Cuckold is currently used in two senses.
Traditionally, a cuckold is a man whose wife has been having an extramarital affair. It only applied to men because it was bound up with retrograde notions of male ownership of women. (In the 16th and 17th centuries, women in analogous situations were sometimes called “cuckqueans,” but this word is considered archaic today.) To be made a cuckold was regarded as a extreme humiliation as it implied that you were such a weak loser that you could even protect your most intimate possession from “theft.” (To call a man a cuckold is a traditional insult in Europe akin to the contemporary “f— you.” It even has it’s own hand gesture.)
Modern fetish cuckolding is a form of BDSM role-play in which a committed couple eroticizes the conditioned fears and cultural baggage they have about gender roles, sexual fidelity, and emotional intimacy in the relationship. If the play moves beyond the couple’s fantasy bedroom talk to involve people it may be considered a form of swinging or polyamory depending on your definitions of those things and the specifics of the external relationships. But what distinguishes fetish cuckolding from other forms of multiple partner sex is that the man is diriving a sexual thrill from the emotional and/or psychological pain of the idea that his wife is having sex with another. If there isn’t some sexual stimulation related to feelings of shame about that; to the notion that he is deprived, cheated, failing, etc. It isn’t cuckolding. (So, for instance, people truly committed emotionally to “free love” cannot be fetish cuckolded, as they do not feel any sense of jealousy, humiliation, or loss at the idea of their primary partner having sex with others.)

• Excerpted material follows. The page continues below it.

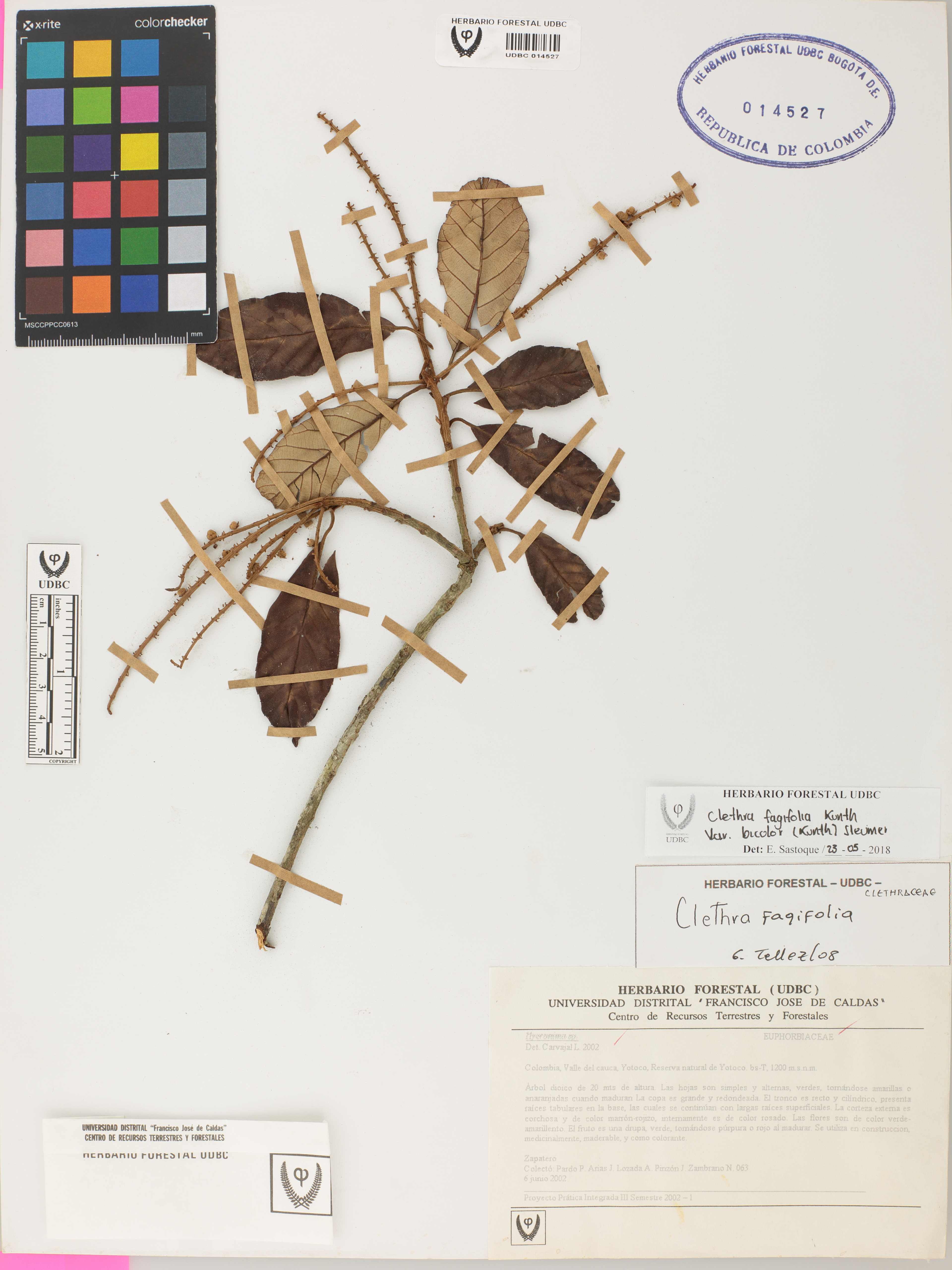 Fotografía del ejemplar Pardo, P. 63, determinado como Clethra fagifolia var. bicolor en el año 2018

The fundamental difference between fetish cuckolding and the traditional usage (which is still standard outside of the fetish and alternative lifestyle communities) is that the man (1) a knowing and willing/accepting accomplice in the arrangement, (2) getting sexual and/or psychological gratification from it. In traditional usage, a man who knew of and was at peace with his wife’s continuing infidelity was called a “wittol” (From “wise,” in the sense of knowing, cuckold.) That this word is not used in fetish cuckolding emphasises its BDSM aspect; part of the fun is the idea of compulsion to her desires, or a better (“real”) man, or your own base uncontrollable needs, etc. In another interesting modernization from traditional usage, the woman is described as having “cuckolded” her man, whereas traditionally the woman’s new paramour would be described as the active party – “I’ve been cuckolded by Arthur, the fishmonger” – the wife being regarded more as property. Although the cuckold prototypically (and usually) refers to a married couple where the wife has sex outside the marriage, the evolution of relationships in our time has led to its extension to non-married couples, same-sex couples, and even to situations where the man is the polygamous partner. While any committed couple can play kinky psych games with trust and intimacy, however, only a case of male submission unlocks the deep cultural baggage of the meaning of masculinity that is at the heart of the fetish.